StreamDiffusion: A Pipeline-level Solution for Real-time Interactive Generation

We introduce StreamDiffusion, a real-time diffusion pipeline designed for interactive image generation. Existing diffusion models are adept at creating images from text or image prompts, yet they often fall short in real-time interaction. This limitation becomes particularly evident in scenarios involving continuous input, such as Metaverse, live video streaming, and broadcasting, where high throughput is imperative. To address this, we present a novel approach that transforms the original sequential denoising into the batching denoising process. Stream Batch eliminates the conventional wait-and-interact approach and enables fluid and high throughput streams. To handle the frequency disparity between data input and model throughput, we design a novel input-output queue for parallelizing the streaming process. Moreover, the existing diffusion pipeline uses classifier-free guidance(CFG), which requires additional U-Net computation. To mitigate the redundant computations, we propose a novel residual classifier-free guidance (RCFG) algorithm that reduces the number of negative conditional denoising steps to only one or even zero. Besides, we introduce a stochastic similarity filter(SSF) to optimize power consumption. Our Stream Batch achieves around 1.5x speedup compared to the sequential denoising method at different denoising levels. The proposed RCFG leads to speeds up to 2.05x higher than the conventional CFG. Combining the proposed strategies and existing mature acceleration tools makes the image-to-image generation achieve up-to 91.07fps on one RTX4090, improving the throughputs of AutoPipline developed by Diffusers over 59.56x. Furthermore, our proposed StreamDiffusion also significantly reduces the energy consumption by 2.39x on one RTX3060 and 1.99x on one RTX4090, respectively.
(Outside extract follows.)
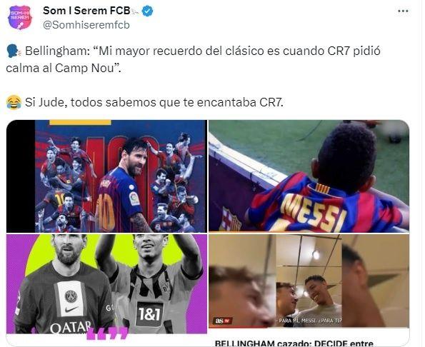 Jude Bellingham ha sido relacionado mucho con FC Barcelona, porque apareció una foto de él en su niñez, puesto la camiseta del equipo y con la 10 de Lionel Messi en la espalda. El inglés también ha mencionado a los hinchas que prefiere al astro argentino, antes que a Cristiano Ronaldo. Claro, esto dijo antes de llegar al Real Madrid.

翻译：我们提出StreamDiffusion，一种专为交互式图像生成设计的实时扩散流水线。现有扩散模型擅长从文本或图像提示生成图像，但在实时交互方面往往存在不足。这一局限在涉及连续输入的场景（如元宇宙、实时视频流和广播）中尤为突出，此类场景要求高吞吐量。为解决此问题，我们提出一种创新方法，将原始的顺序去噪过程转化为批量化去噪过程。Stream Batch摒弃了传统的"等待-交互"模式，实现了流畅且高吞吐量的数据流。为处理数据输入与模型吞吐量之间的频率差异，我们设计了一种新型输入输出队列以并行化流式处理过程。此外，现有扩散流水线采用无分类器引导（CFG），需额外进行U-Net计算。为减少冗余计算，我们提出新型残差无分类器引导（RCFG）算法，将负条件去噪步骤降低至仅一步甚至零步。同时引入随机相似性滤波器（SSF）以优化功耗。我们的Stream Batch在不同去噪层级下相比顺序去噪方法可实现约1.5倍加速。所提出的RCFG比传统CFG速度提升高达2.05倍。结合所提策略与现有成熟加速工具，基于单张RTX4090显卡的图像到图像生成帧率可达91.07fps，相较Diffusers开发的AutoPipeline吞吐量提升超过59.56倍。此外，我们提出的StreamDiffusion在单张RTX3060和RTX4090显卡上分别实现2.39倍和1.99倍的能耗降低。